* **Problem description**: Look through the entries below for the line with "The timeline is" and the line with "Путину предоставят доклад", then give again exactly those two lines and all lines between them, minus the pictures.

* **Records for this task**:

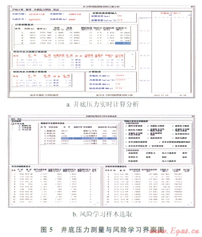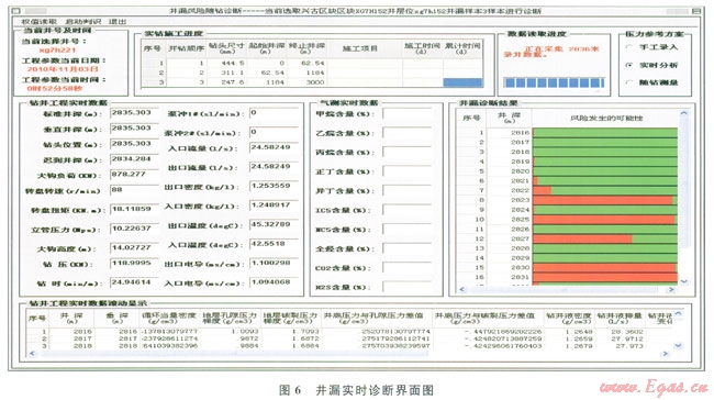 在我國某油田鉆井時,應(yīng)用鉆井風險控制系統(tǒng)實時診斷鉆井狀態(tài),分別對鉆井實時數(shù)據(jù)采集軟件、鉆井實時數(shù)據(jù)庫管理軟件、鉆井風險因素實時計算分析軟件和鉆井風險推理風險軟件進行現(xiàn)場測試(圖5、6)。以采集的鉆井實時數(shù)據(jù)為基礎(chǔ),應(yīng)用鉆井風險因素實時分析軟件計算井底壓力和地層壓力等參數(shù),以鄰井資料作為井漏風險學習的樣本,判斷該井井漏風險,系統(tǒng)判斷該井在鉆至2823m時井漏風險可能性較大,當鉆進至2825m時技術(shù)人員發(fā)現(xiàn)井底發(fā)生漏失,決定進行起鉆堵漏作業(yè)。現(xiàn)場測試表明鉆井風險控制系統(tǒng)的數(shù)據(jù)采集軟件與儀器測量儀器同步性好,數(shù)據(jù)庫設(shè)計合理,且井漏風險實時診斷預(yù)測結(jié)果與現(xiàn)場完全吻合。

--

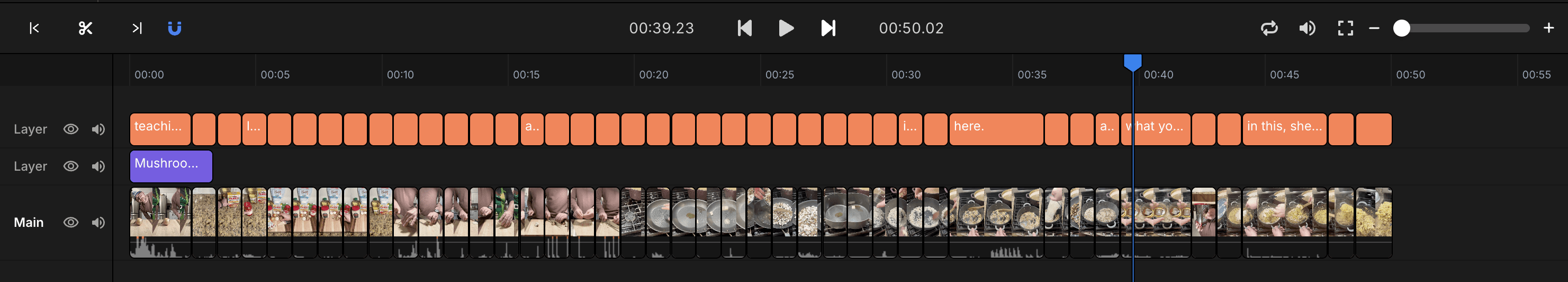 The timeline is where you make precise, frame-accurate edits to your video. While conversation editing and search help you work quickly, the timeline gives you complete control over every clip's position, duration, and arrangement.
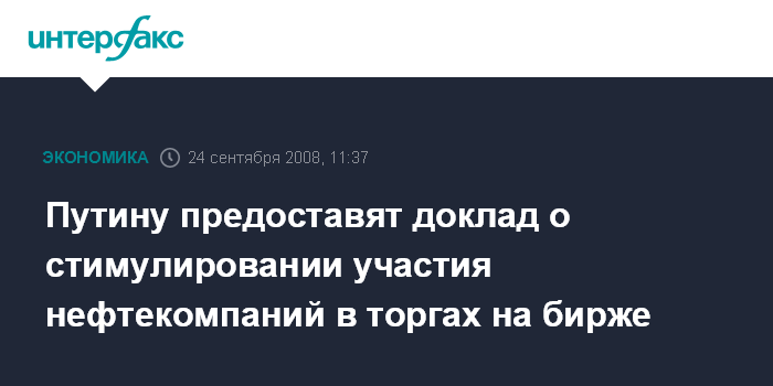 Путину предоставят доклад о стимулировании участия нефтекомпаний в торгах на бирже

* **Response for this exercise**:
 The timeline is where you make precise, frame-accurate edits to your video. While conversation editing and search help you work quickly, the timeline gives you complete control over every clip's position, duration, and arrangement.
 Путину предоставят доклад о стимулировании участия нефтекомпаний в торгах на бирже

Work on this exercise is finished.